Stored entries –

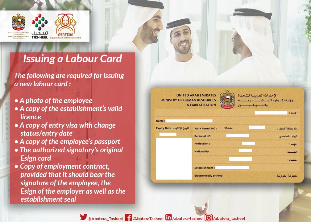 Ministry Of Labour Company Labour card Original ESignature card In case that the applicant does not have a personal number at the Ministry, an application for opening a UAE national’s or expatriate’s file, to apply the electronic signature card in Service Centers "Tasheel" It is then activated in the ministry E Signature Card 603 AED. Ministry of Human Resources & Emiratisation Use keywords that are as specific as possible For example, if you want to search about a service, use the “word service” not “a services” “and services” etc. Copy of passport, visa and EID of both the employee and their sponsor/spouse;.
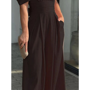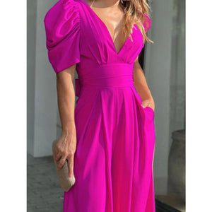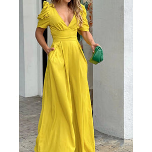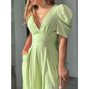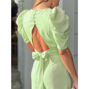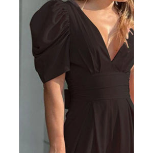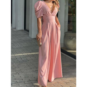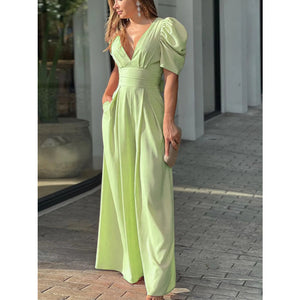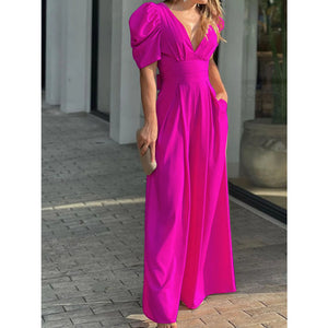 Full Size Cutout V-Neck Puff Sleeve Jumpsuit Plus Size
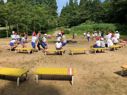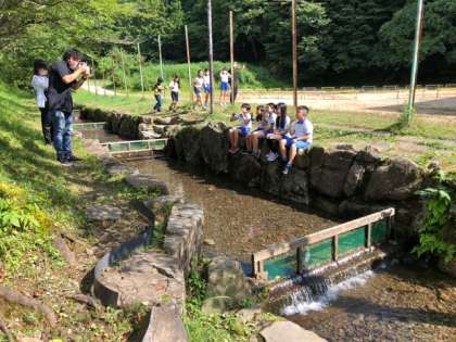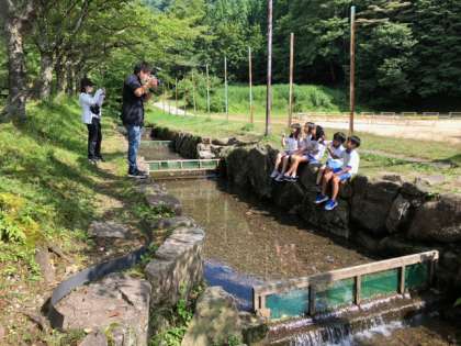 小川で写真撮影した後、ゲーム遊び(フルーツバスケット)で少し体を動かして、まだ眠っている体を目覚めさせました。
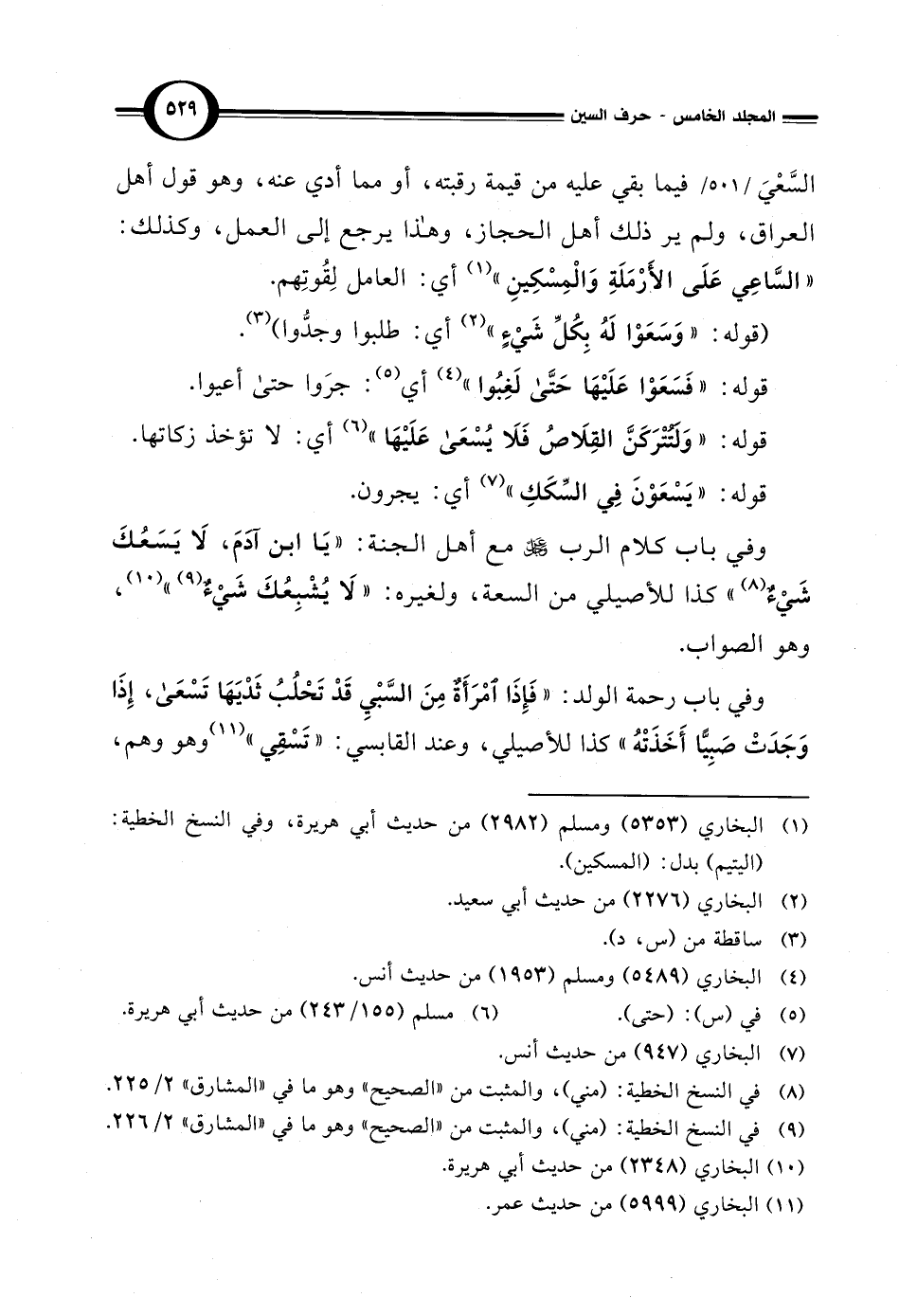 السَّعْيَ فيما بقي عليه من قيمة رقبته، أو مما أدي عنه، وهو قول أهل العراق، ولم ير ذلك أهل الحجاز، وهذا يرجع إلى العمل، وكذلك: "السَّاعِي عَلَى الأَرْمَلَةِ وَالْمِسْكِينِ" (¬1) أي: العامل لِقُوتِهم.
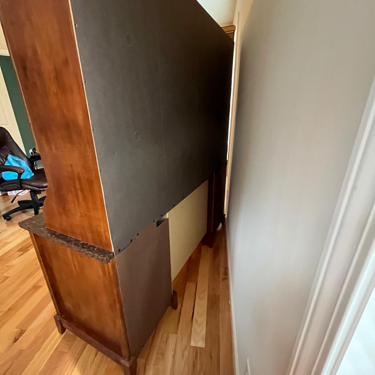 When the paper backing is removed, the hutch top may be removable. Buyer will need to bring a Phillips head screwdriver and possibly a flat head or hammer w tines to remove some small brad nails. Item is on the first floor but you must come up seven steps to get in the house.
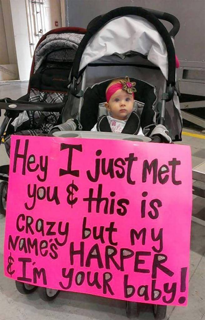 Within the lively corridors of an airport, an extraordinary encounter is set to unfold. Harper, seated comfortably in her stroller, is on the brink of greeting her military father for the very first time. Ingeniously, her mother employs the charm of a well-loved melody to introduce them, crafting an endearing and light-hearted message.

What is expected – Print, exactly and only, the lines running from the line with "السَّعْيَ فيما بقي" through the last line of the data, including both. Skip any picture.

Answer section –
 السَّعْيَ فيما بقي عليه من قيمة رقبته، أو مما أدي عنه، وهو قول أهل العراق، ولم ير ذلك أهل الحجاز، وهذا يرجع إلى العمل، وكذلك: "السَّاعِي عَلَى الأَرْمَلَةِ وَالْمِسْكِينِ" (¬1) أي: العامل لِقُوتِهم.
 When the paper backing is removed, the hutch top may be removable. Buyer will need to bring a Phillips head screwdriver and possibly a flat head or hammer w tines to remove some small brad nails. Item is on the first floor but you must come up seven steps to get in the house.
 Within the lively corridors of an airport, an extraordinary encounter is set to unfold. Harper, seated comfortably in her stroller, is on the brink of greeting her military father for the very first time. Ingeniously, her mother employs the charm of a well-loved melody to introduce them, crafting an endearing and light-hearted message.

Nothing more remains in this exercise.